Members of the Toll-like receptor and interleukin-1 (IL-1) receptor families all signal via Toll/IL-1R (TIR) domain-driven assemblies with adaptors such as MyD88. We here combine the mammalian two-hybrid system MAPPIT and saturation mutagenesis to complement and extend crystallographic and nuclear magnetic resonance data, and reveal how TIR domains interact. We fully delineate the interaction sites on the MyD88 TIR domain for homo-oligomerization and for interaction with Mal and TLR4. Interactions between three sites drive MyD88 homo-oligomerization. The BB-loop interacts with the αE-helix, explaining how BB-loop mimetics inhibit MyD88 signaling. The αC'-helix interacts symmetrically. The MyD88 TIR domains thus assemble into a left-handed helix, compatible with the Myddosome death domain crystal structure.

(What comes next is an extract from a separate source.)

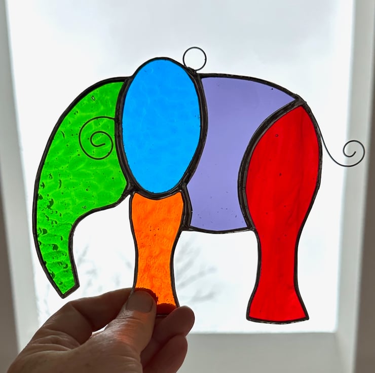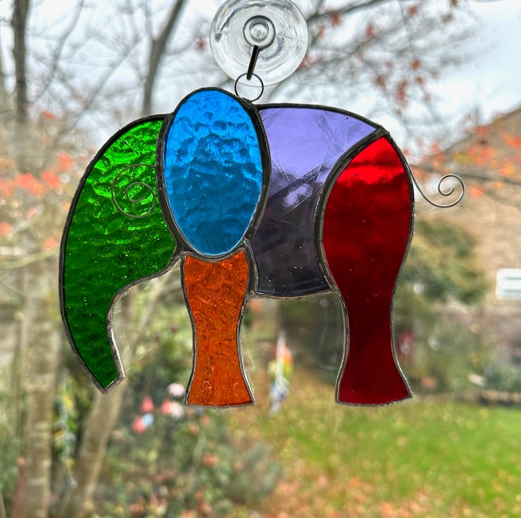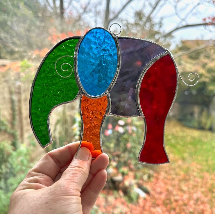 Elephant suncatcher made from beautiful stained glass by Carole’s Glass.

This assembly explains activation of MyD88 by Mal and by an oncogenic mutation, and regulation by phosphorylation. These findings provide a paradigm for the interaction of mammalian TIR domains.

Random mutagenesis MAPPIT analysis identifies binding sites for Vif and Gag in both cytidine deaminase domains of Apobec3G.

The mammalian two-hybrid system MAPPIT allows the detection of protein-protein interactions in intact human cells. We developed a random mutagenesis screening strategy based on MAPPIT to detect mutations that disrupt the interaction of one protein with multiple protein interactors simultaneously. The strategy was used to detect residues of the human cytidine deaminase Apobec3G that are important for its homodimerization and its interaction with the HIV-1 Gag and Vif proteins. The strategy is able to identify the previously described head-to-head homodimerization interface in the N-terminal domain of Apobec3G. Our analysis further detects two new potential interaction surfaces in the N-and C-terminal domain of Apobec3G for interaction with Vif and Gag or for Apobec3G dimerization.